Pollution or Peak Oil?

I was on the RSPB Rainham Marshes last week working on a job tackling invasive plant species, and I couldn't help but notice the amount of plastic that was washing in off the Thames. Over the past few years the problem of plastic pollution has been getting a significant amount of media attention but seeing the problem first hand has got me thinking a bit.

As a bit of an environmentalist I'll welcome any steps which might at least attempt to mitigate the damage we're doing to this planet, but the fact that plastic has suddenly been pushed into the public's eye seems a bit odd. When plastic was first produced at the start of the last century, the whole 'non-degradable' thing was one of the initial benefits they sold it on!

But anyway, the point I'm trying to make is that this sudden concern that's being expressed by world leaders, famous ecologists and the media alike is weird. Plastic pollution in our oceans is not something new and was being studied in quite some depth as long ago as the early 90s, but despite the obvious problems that were growing at the time, the world remained indifferent until relatively recently. So whats changed?
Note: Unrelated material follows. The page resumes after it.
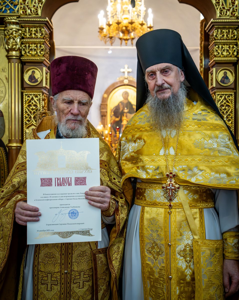 18 и 19 декабря 2025 года, в день памяти святителя Николая, архиепископа Мир Ликийских, чудотворца, в Успенском кафедральном соборе в Сергиевом Посаде были совершены праздничные богослужения по случаю престольного праздника и 35-летия совершения первой Литургии.

Call me a cynic, but I seriously doubt that the only issue here is the environment, so its got me wondering whether this has more to do with peak oil - but perhaps not totally in the sense that most understand the term.

Whilst the prospect of running out of oil in the medium term is worrying given that every bit of infrastructure relies on the stuff, we're probably already very close to hitting peak oil regardless. That may be a bit of a misnomer though, Peak oil may ultimately not come down to its finite nature, but because cheaper, greener energy alternatives are becoming viable. Renewables after all make as much sense economically in the long-term as they do environmentally, but either way if oil demand doesn't peak very soon, oil reserves eventually will, and when that happens global instability will inevitably ensue.
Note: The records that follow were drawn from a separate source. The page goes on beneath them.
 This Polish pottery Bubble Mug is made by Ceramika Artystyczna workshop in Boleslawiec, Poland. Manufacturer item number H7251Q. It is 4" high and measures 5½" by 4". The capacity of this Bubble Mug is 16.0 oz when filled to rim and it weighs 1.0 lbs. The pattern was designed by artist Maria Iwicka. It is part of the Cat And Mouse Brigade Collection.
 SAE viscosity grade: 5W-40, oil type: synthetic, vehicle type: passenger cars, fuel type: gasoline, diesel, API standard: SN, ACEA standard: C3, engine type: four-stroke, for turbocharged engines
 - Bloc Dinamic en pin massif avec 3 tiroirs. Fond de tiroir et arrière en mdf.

So whats this got to do with plastics? Well mainly because plastic, a material modern society relies on for manufacturing practically everything, is reliant upon the refining of crude oil or gas and is in almost all cases a byproduct of fuel production. Whilst only 4% of global crude is currently used for plastic production, given that we are (hopefully) in the midst of a renewable revolution, a significant drop in the production of oil based fuels would also likely cause a significant increase in the cost of plastics (currently only 2% of plastics are bio-plastics from 'sustainable' sources.) I may well be wrong, but it could be that in addition to the concerns for marine life and chemical leaching, the other reasoning for the current anti-plastic rhetoric is an attempt to force firms to develop better alternatives for plastic that can be used in a post-oil society.

A world without cheap, sterile packaging would make many food items harder to transport, and inevitably increase spoilage and wastage. With a multiplying and increasingly urban population, anything which makes transportation more difficult makes feeding everybody on this planet more difficult. Development of biodegradable alternatives to plastic does seem to be advancing nicely, and trials continue with materials ranging from seaweed to tree cellulose, but if they prove to be uneconomical then we may well have a problem. Older packaging like glass would undoubtably be a cleaner option, but the energy expended in transporting heavier items made of glass would up transport costs significantly. (A glass jar constitutes roughly 36% of a product's total weight, whereas plastic is less than 4%.) Then there's everything else made from plastic from car bumpers to cable ties. Without plastic a whole host of items we rely on would be impossible to mass produce.

So whilst the environment is a concern, I'm sure our illustrious leaders are just as concerned about how they'll feed the masses and grease the wheels of the world economy.